Friday, January 7, 2011

When the radius server came to a grinding halt - and how we brought it back

One of my customers have a few hundred pieces of hardware spread around the country that are authenticated and get their IP addresses from a radius server (http://freeradius.org/) we run. In between the few hundred pieces of hardware and the radius server there is another server that among other things handles the lookups against the radius server  and then gives the clients their connection information.

This have been running for four years with no problems what so ever, handeling a handful or so authentications a minute.

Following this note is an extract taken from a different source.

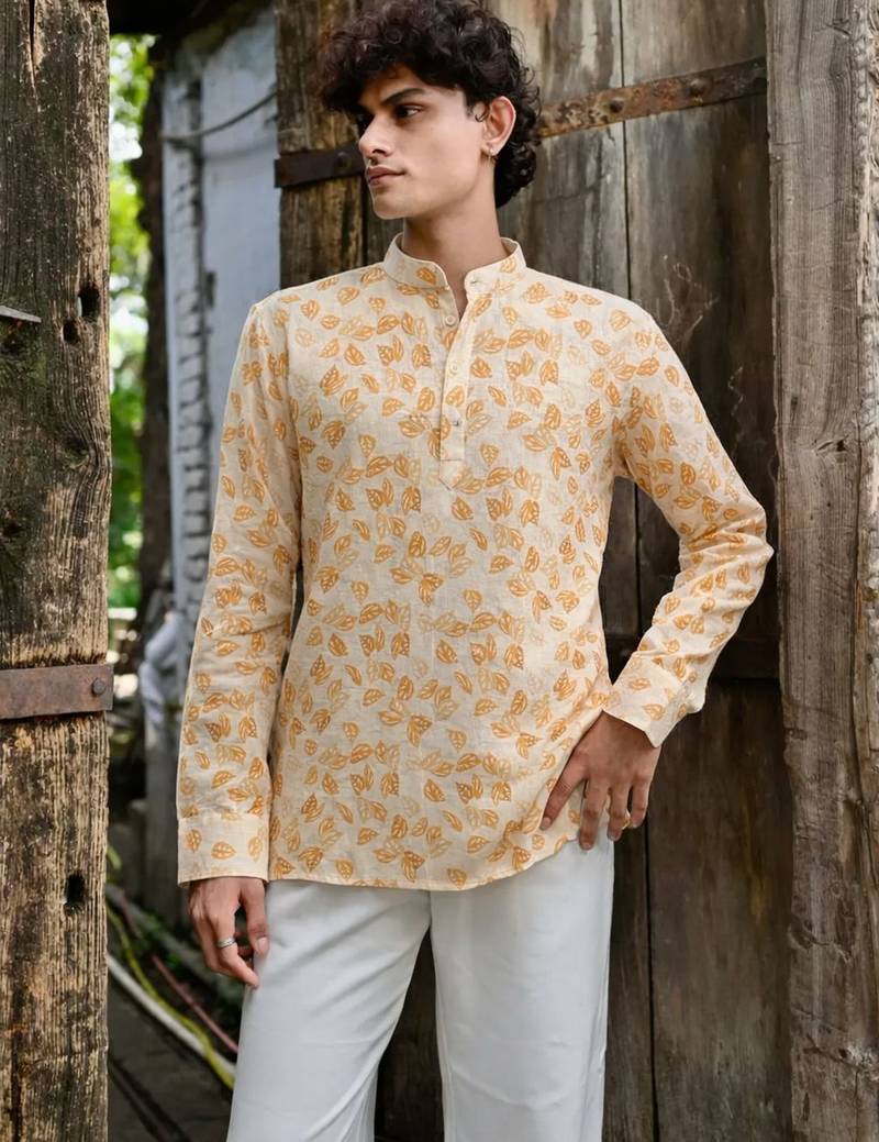 Yellow Color Linen Fabric Smart And Casual Short Kurta For Men's

Yesterday the intermediate server suddenly booted (we learned this later), and that led to a need reinitialize the network connections for all the little pieces of hardware (thus authenticating them and looking up their IPs) - all at once. The load on the radius server went through the roof, and we had large amounts of timeouts on the lookups and the radius server came to a grinding halt. Most of the little pieces of hardware didn't get their IP's and the customer's monitoring system went all red and no-one was enjoying them selves much.
A trivial radius server should be able to handle at least a few thousand requests a second, so we were a bit boggled by this. A restart of the service didn't help.

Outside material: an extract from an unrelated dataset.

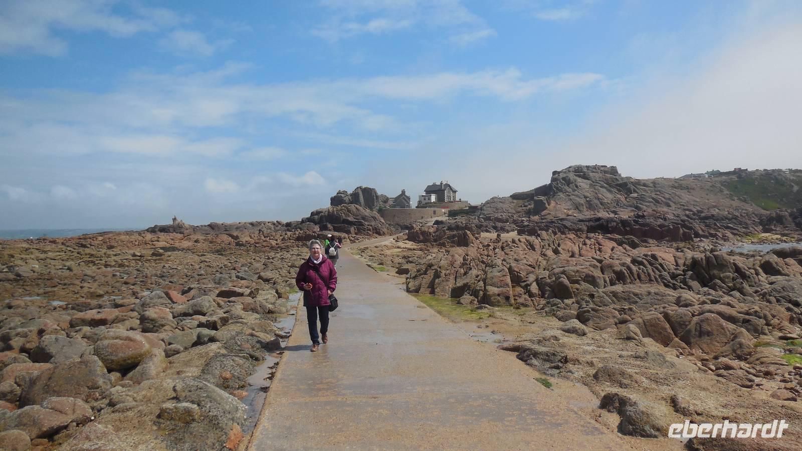 Von unserem Hotel in der Hauptstadt St. Helier geht es entlang der Royal Bay in Richtung Gorey. Hier thront Jerseys älteste Burg, das Mont Orgeuil Castle. Umgeben von einer schroffen Felsküste, die einer Mondlandschaft nahe kommt, einem hübschen kleinen Hafen und dem kleinen Örtchen mit den urigen Pubs, diente diese Burg der Abwehr von Angriffen der Franzosen. Nach einem Fotostopp schlängeln wir die Küstenstraße hinauf und lassen uns von Reiseleiterin Heidi Geschichtchen über die eigenartigen Jerseyaner erzählen. So stammen von Jersey die berühmten Jerseypullover. Früher sollen hier die Männer und Frauen gleichermaßen gestrickt haben und dabei sogar oft die Felder vernachlässigt haben. Wer nicht strickte, der galt als faul. Wir gelangen zur Bouley Bay, einer wunderschönen Bucht an der Nordküste, wo wir eine Pause einlegen. Am Kieselstrand findet man viele Muscheln, einzigartige Steinchen und mit etwas Glück auf mal eine große Jakobsmuschel.

We saw log lines like these in large amounts

Thu Jan  6 15:30:26 2011 : Error: Discarding duplicate request from client FOOFOO3:49910 - ID: 32 due to unfinished request 895
Thu Jan  6 15:30:26 2011 : Error: WARNING: Unresponsive child (id 1314167728) for request 890

The server was also exhausted CPU-wise - and mostly spent it's time in system CPU.
This led me to suspect that the problem was related to some kind of busy waiting on some kind of resource. A quick check in the trusty old /proc filesystem showed that the radius process had a couple of hundred file descriptors pointing to the same file - /var/log/radius/radutmp - an 89MB file with almost 1M short lines.

So what is this radutmp file for? It is updated whenever a client logs in or out, and is used by the command  radwho to see who is logged in at the moment. On this system we have no need for that so I removed the relevant sections from the config and restarted the service - and service was immediately restored.

According to the default and heavily commented config file the radutmp file is not a log file, and does not need to be rotated. But ours have obviously been growing over the last years, so some kind of housekeeping should probably have been done. Out of curiosity I tried starting with an empty radutmp and the original config - and it seemed that the size of the radutmp file affects how hard it is for the server to do it's work  - which makes sense. (but this testing was not done in any way scietifically, and might just be misleading).

I think the main lesson to learn from this is that /proc is your friend - always. Secondary, remove parts of services you don't need - problems might just as well show up there.